Wenn allerdings das Klima zwischen Auftraggeber und Auftragnehmer schon derart angespannt ist, hilft nur noch ein Gespräch, ob und wie man entweder zusammen das Gewerk zu Ende bekommen kann oder ob und wie man den gemeinsamen Auftrag für beide Seiten zufriedenstellend beendet. 
Manchmal ist ein offenes Gespräch in möglichst ruhiger Atmosphäre besser als jeder Rechtsstreit. Aber auch mal den Handwerker zu Wort kommen lassen, warum er wie gehandelt hat. 

Das Ergebnis einer Einigung sollte dann kurz protokolliert und von beiden unterschrieben werden. 

Gruß 
Wolf


----------



## Toffi (1. Sep. 2008)

*AW: Guten Tag, die Herrschaften :-D*

Mensch Volker, das ist aber hart... du weiß Bescheid und rückst net raus.:smoki 

Aber ich denke, ich werde es überleben und mich in Geduld üben 

Gartentyp:
Derzeit ignoriert er das Telefon.
Seit über einer Woche, um genau zu sein.
Mails beantwortet er emotional und taktlos, mir ist es ein Rätsel, wie sich andere Kunden so etwas gefallen lassen, aber gut.

Mir ist es auch lieber, das Ganze weiterhin verbal zu klären.
Man weiß bei ihm nie: An einem Tag will er mit uns zur Einweihung grillen und plant Geschenke, am Tag drauf zieht er seine Leute ab...
Es ist nicht so einfach, gehört hier aber auch nicht wirklich hin.

Der norwegische Vorschlag ist sicher eine tolle Idee. Ich stell es mir gesellig und lehrreich sowie effizient vor.
Allerdings sehe ich es ebenso: Die Leuts wird es nicht geben 

Na ja, stempeln wir es als Erfahrung ab, gell?


----------



## ron (1. Sep. 2008)

*AW: Guten Tag, die Herrschaften :-D*

Hallo Sandra, (und Wolf)



			
				Wuzzel schrieb:
			
		

> Du stellst Dir das aber einfach vor ! Wo soll man denn hier im Forum 10 Norweger finden, die die Arbeit machen ??? :crazy



Stimmt, bin wohl der einzige Norweger hier im Forum und arbeiten für zehn kann ich auch nicht. Allerdings das mit dem aufessen könnte ich vielleicht...  Habe nur hin und wieder hier im Forum festgestellt, dass es ein Teil persöhnliche Kontakte gibt. Daher.

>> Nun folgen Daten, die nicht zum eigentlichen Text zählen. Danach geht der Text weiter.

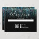 RSVP abstracto moderno - Una guirnalda atrevida y moderna de color teal brillante y centelleante cae en cascada por la página, en caligrafía manuscrita está "házselo saber" - las iniciales de la pareja en la parte superior - el resto del texto es simple y limpio - todo sobre un fondo negro. Papelería de boda elegante.

> das beste ist wenn man sich vorher zusammen setzt und eine möglichst detailierte Planung macht (die dann auch mal Geld kosten darf).

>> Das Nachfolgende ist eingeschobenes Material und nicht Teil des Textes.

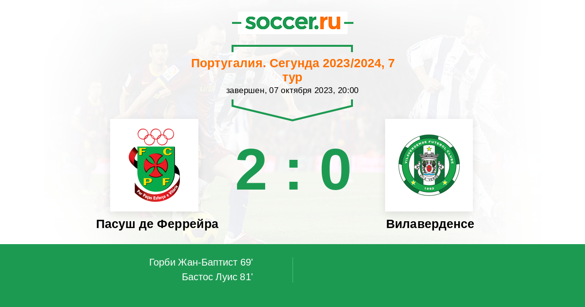 | Пасуш де Феррейра | 1:0 | 0:0 | 1:0 |

Aber eine Planung geht doch wohl nicht so weit, dass man vorher verabredet dass eine Mauer in Verband gebaut werden soll.... Die meiste Handwerker sind natürlich an gute Arbeid interessiert, aber es gibt auch so einige schwarze Schafe, für die nur das schnelle Geld wichtig ist. Bei unserem Hausbau haben wir das ganze Spektrum miterlebt. Von Zimmerleute, die ich alleine lassen konnte und die einen fantastischen Jobb machten und welche, die bewusst die Sache beschissen haben. Und bei denen hilft auch einen Dialog nicht mehr.

LG

Ron


----------



## Wuzzel (2. Sep. 2008)

*AW: Guten Tag, die Herrschaften :-D*

Klar kann ne Planung bzw. Baubeschreibung soweit gehen. Ggf. Skizze dabei und gut ist es. Oft hilft auch das Wort "fachgerecht" in der Baubeschreibung.
Aber noch besser ist wenn man beschreibt was fachgerecht ist. 

Wolf


----------



## andreas w. (2. Sep. 2008)

*AW: Guten Tag, die Herrschaften :-D*

hi wolf, fachgerecht klingt zwar gut, sagt aber eigentlich nix aus. es müsste : >nach dem stand der technik< heissen. von einem facharbeiter darf ich doch wohl erwarten, dass er fachgerecht arbeitet, aber stand der technik sagt etwas über die qualität und die werkstoffe aus. 

das nur mal so am rande.

andere frage: hat jemand eine zündende idee, wie effektiv mit einem handwerker umgegangen werden kann, der pauschale zusagen gemacht hat, und über vorkasse schon einen hauptteil des geldes eingestrichen, aber seine arbeit noch nicht beendet hat? vor allem sind seine zusagen und absprachen leider nicht auf papier gebracht worden - dumm gelaufen, iss aber so.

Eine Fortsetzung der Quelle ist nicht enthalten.